In fact the right to vote in Illinois would only be unreasonably affected if, somehow, virtually entire populations of 53 of the lesser populated counties decided to preclude a majority of the State’s qualified voters from nominating candidates of their choice. This does not appear likely. If such schemes ever came to light, the situation can be reexamined.

Thus, this Court finds that Section 10-3 of the Illinois Election Code, Ch. 46, Illinois Revised Statutes 1967, is an expression of rational state policy and that, therefore, it is constitutional under MacDougall v. Green, supra. As was pointed out in Baker v. Carr, supra, “MacDougall v. Green, (cite omitted), held only that in that case, equity would not act to void the State’s requirement that there be at least a minimum of support for nominees for state-wide office, over at least a minimal area of the State.” 369 U.S., at 234, 82 S.Ct. at 719, 7 L.Ed.2d 663. This Court agrees with that course of action and follows the same in dismissing the present Complaint.

In sum, plaintiffs contend that, although the case of MacDougall v.
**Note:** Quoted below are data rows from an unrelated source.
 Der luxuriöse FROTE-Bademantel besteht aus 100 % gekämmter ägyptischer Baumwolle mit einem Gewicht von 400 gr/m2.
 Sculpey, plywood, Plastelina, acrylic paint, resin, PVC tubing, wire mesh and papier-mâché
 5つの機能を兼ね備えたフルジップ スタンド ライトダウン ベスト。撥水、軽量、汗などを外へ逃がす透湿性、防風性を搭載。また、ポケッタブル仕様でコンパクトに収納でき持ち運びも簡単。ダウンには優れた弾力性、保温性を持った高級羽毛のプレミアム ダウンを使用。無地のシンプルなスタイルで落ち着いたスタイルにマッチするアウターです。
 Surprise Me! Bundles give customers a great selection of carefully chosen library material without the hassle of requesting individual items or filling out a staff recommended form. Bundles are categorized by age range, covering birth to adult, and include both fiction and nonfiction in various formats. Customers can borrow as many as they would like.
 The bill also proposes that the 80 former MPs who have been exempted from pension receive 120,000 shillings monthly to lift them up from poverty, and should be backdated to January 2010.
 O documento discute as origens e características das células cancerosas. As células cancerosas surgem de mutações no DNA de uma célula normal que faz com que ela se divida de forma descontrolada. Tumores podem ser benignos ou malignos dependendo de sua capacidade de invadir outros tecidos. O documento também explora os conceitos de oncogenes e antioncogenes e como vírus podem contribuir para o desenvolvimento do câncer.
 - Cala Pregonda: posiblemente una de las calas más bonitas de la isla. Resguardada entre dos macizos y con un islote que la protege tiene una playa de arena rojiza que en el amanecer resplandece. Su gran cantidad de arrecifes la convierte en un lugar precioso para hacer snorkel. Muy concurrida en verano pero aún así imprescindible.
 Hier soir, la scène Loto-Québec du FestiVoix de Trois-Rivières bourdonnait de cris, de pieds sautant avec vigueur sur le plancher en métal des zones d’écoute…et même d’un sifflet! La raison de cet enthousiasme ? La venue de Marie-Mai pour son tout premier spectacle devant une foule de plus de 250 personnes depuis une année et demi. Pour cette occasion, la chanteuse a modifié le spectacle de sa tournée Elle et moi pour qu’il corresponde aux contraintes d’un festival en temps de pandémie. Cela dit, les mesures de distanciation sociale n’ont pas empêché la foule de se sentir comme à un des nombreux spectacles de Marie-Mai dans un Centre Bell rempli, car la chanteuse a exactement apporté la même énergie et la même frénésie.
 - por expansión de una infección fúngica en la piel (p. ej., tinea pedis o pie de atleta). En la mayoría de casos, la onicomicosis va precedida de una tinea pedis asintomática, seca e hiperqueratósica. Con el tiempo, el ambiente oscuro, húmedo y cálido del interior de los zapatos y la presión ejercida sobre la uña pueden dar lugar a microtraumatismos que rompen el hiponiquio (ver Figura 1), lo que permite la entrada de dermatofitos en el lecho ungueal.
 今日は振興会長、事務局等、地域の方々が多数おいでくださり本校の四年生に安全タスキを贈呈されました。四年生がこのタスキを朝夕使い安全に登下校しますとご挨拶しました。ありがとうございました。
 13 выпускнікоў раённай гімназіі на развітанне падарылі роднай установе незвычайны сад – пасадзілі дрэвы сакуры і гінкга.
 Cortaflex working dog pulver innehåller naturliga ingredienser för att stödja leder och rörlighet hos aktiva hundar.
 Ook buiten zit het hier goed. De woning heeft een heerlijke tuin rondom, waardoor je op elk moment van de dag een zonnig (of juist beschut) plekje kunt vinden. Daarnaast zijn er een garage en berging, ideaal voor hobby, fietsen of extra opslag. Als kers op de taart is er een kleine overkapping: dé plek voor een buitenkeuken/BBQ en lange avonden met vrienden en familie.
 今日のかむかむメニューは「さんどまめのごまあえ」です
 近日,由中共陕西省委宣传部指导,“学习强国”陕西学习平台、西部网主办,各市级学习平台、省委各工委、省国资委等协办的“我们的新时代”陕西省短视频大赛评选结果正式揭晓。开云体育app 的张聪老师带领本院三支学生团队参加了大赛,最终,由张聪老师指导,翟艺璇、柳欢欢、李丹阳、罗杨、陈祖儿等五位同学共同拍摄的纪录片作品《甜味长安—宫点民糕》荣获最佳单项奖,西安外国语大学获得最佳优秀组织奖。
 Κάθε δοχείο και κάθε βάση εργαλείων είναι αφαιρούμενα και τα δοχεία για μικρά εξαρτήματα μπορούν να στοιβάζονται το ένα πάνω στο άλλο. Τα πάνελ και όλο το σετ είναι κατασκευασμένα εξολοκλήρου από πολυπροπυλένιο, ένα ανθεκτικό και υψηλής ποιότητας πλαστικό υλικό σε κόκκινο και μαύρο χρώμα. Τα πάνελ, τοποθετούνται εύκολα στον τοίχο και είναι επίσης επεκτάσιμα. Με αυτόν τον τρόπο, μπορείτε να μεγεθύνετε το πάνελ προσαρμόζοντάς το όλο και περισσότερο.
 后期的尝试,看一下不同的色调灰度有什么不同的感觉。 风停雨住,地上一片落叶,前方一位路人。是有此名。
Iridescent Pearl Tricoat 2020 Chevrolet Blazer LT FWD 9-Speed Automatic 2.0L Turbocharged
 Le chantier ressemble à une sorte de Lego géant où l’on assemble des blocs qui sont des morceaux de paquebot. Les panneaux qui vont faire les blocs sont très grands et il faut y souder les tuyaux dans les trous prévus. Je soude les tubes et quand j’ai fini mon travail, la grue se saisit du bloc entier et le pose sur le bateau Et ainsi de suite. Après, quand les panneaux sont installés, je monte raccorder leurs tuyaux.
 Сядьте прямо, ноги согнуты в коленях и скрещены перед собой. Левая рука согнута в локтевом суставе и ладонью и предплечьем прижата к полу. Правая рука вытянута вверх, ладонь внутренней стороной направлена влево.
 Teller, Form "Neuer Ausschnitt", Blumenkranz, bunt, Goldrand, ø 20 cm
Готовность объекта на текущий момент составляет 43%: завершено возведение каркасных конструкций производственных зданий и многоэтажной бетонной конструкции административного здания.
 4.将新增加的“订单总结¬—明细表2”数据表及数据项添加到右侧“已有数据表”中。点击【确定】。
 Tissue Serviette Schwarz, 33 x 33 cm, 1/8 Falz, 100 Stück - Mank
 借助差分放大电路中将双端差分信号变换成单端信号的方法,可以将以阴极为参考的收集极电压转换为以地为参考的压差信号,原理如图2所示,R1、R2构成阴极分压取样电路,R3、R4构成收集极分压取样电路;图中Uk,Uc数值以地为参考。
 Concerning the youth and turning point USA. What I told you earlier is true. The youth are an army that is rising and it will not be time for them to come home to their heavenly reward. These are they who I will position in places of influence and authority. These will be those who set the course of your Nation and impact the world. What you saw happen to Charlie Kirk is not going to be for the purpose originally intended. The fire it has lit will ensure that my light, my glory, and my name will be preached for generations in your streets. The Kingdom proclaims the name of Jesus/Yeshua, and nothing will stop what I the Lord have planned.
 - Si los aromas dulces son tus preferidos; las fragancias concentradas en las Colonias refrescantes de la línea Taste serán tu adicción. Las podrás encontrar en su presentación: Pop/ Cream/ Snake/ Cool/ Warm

Green, supra, is a direct precedent against their constitutional claims, the Supreme Court today would overrule MacDougall v. Green and that, in effect, we should hold this precedent not to be controlling. The short answer to this is that the Court itself has cited MacDougall v. Green in a number of recent decisions and has considered it to be a holding on its merits and has not set aside such a determination. We do not deem it to be our function to second guess and overrule a standing precedent in the identical case now before us. We believe that to be the sole prerogative of the Supreme Court and we respectfully decline to usurp that function.

. Both plaintiffs in the present ease and in the MacDougall case alleged that more than half of the registered voters in Illinois reside in one county. (Complaint, Par. 10; 355 U.S., at 28). Plaintiffs presently allege that 61% of the State’s voters are now registered in five counties compared with 59% in the same five counties in 1948. (Complaint, par. 34; MacDougall v. Green, 80 F.Supp. 725). Plaintiffs allege that 93.4% of the voters reside in 49 counties compared with 87% in the same 49 counties in 1948. (Complaint, par. 11; 355 U.S., at 283, 69 S.Ct. 1).